= Tom Green (designer) =

American car designer & driver

Tom Green worked with Walt Arfons to design and drive the Wingfoot Express, a jet-powered land speed record car. Green drove the car to a world record speed 413.20 mph on October 2, 1964. Green's world record is often forgotten, as the mark was eclipsed three times in less than two weeks, including the first to break the 500 mph threshold.

Green was chief engineer for a torque wrench manufacturer. Although Green's only racing experience had been a year of stock car racing in New Mexico ten years previously, he was greatly interested in aerodynamics. This dovetailed perfectly with Arfons' interest in racing mechanics. The two met at a trade fair in Gary, Indiana in 1962, and Green recalls that "Within ten minutes we were planning our assault on the world's land speed record".

Green shortly provided plans for a three-wheeled land speed record car, which had to be changed to four wheels to meet FIA rules; from there on there was little change until the car was finished. Green's emphasis was on reducing aerodynamic drag by lowering the drag coefficient and, especially, reducing frontal area by narrowing the track and using smaller wheels. His calculations indicated that the readily available surplus Westinghouse J46 jet engines would have more than enough power to drive the vehicle to over 400 mph.

In order to find funding, Arfons and Green approached Goodyear. Green's mastery of aerodynamics was evident enough that Goodyear decided to fund his project; thus the name, Wingfoot Express, from Goodyear's trademark winged foot.

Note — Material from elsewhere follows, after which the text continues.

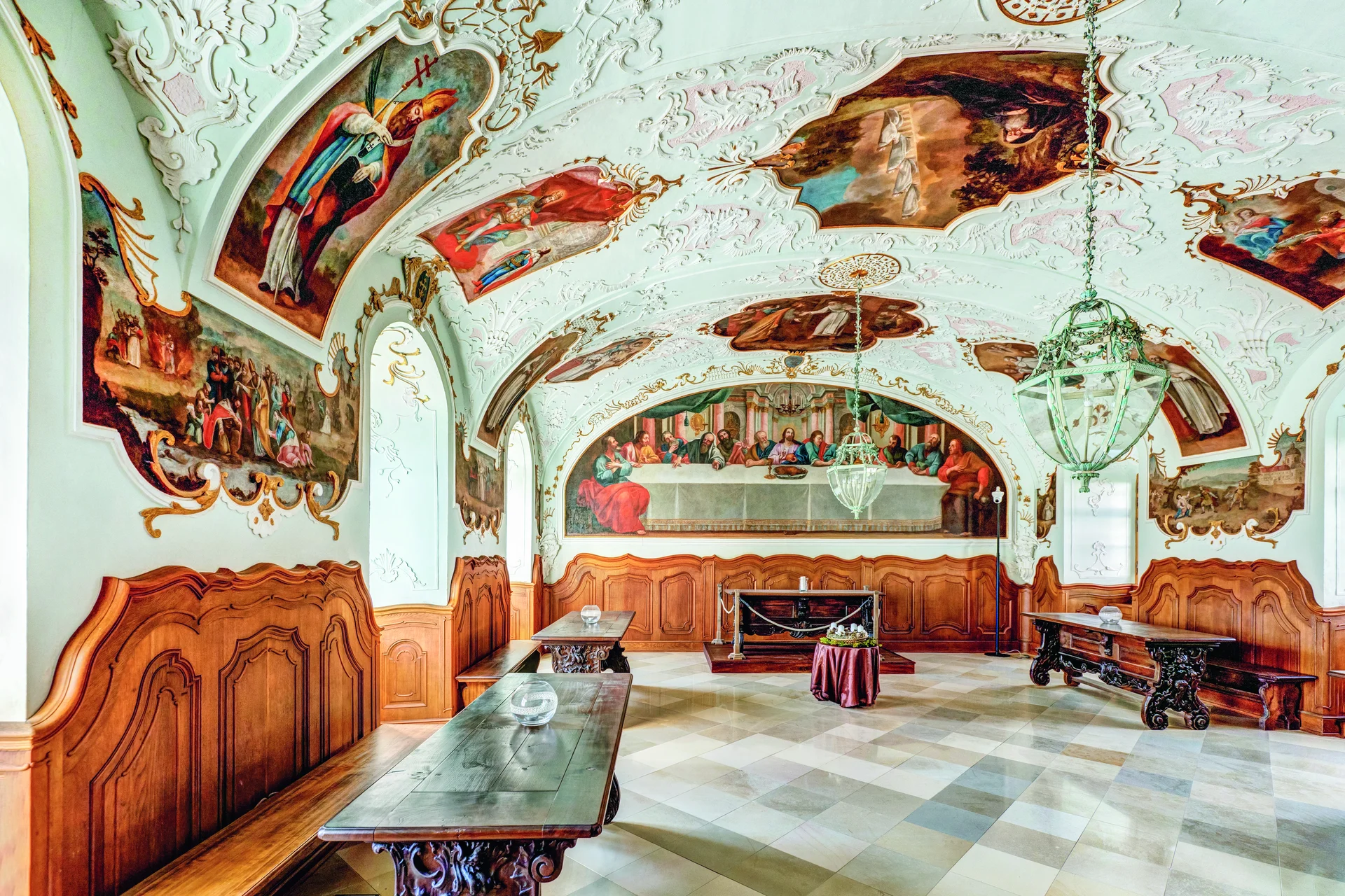 A remeték csak a legnagyobb ünnepeken étkeztek együtt ebben a díszes teremben. Falain Szent Romuald életét és az utolsó vacsorát ábrázoló freskók láthatók (refektórium, boltozatos, stukkókkal és freskókkal díszített ebédlőterem)

Wingfoot Express' cockpit was located centrally, just behind the front axle, covered with an acrylic glass canopy from in front of the driver's feet to behind his head. The front wheels were mounted within the bodywork barely further apart than the width of the engine, while the rear wheels were on outriggers and exposed to the air. Green estimated that the aerodynamic drag of the exposed rear wheels cost the car 20 mph, but since his calculations indicated that they already had much greater speed available than they needed, this was not viewed as a problem. A small fin rose vertically at the tip of the car's nose.

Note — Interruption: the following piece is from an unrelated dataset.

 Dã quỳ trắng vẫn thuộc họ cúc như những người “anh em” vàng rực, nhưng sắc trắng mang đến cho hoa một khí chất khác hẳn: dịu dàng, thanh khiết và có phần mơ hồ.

Veteran drag racer Arfons was to drive the car for the record attempt, but a month before the scheduled run he damaged the ligaments in one hand, eliminating his chance of driving the car for the record. At this point there was no time to find another driver, and Green, who had never driven over 130 mph in his life, was the logical choice because of his familiarity with the mechanics of the vehicle.

At Bonneville, Green began his Land Speed Record career by easing the car around "the parking area" like any student driver. He followed with runs of 236 mph, 250 mph and 275 mph.

Green’s first run using the afterburner sent the car to 335 mph before salt crystals drawn into the engine threw it off balance. At this point, the team had exhausted the three days it had booked at Bonneville

In 1964, Wingfoot Express returned to Bonneville for a week. On the last day they had available, October 2, 1964, Green and the car accelerated like a rocket, averaging 413.199 mph in both directions and setting a new record.

Within 3 days, however, the record had been reset by Art Arfons. Although the final record run had demonstrated that Wingfoot Express clearly had much more speed available, Green decided to not push his luck and retired from competition, returning to his regular job. He is today a vice president of the company which produces wrenches for Snap-On. He continues to maintain contact with Arfons and they meet periodically. "I did offer to help Walt with his rocket car but the design was his own".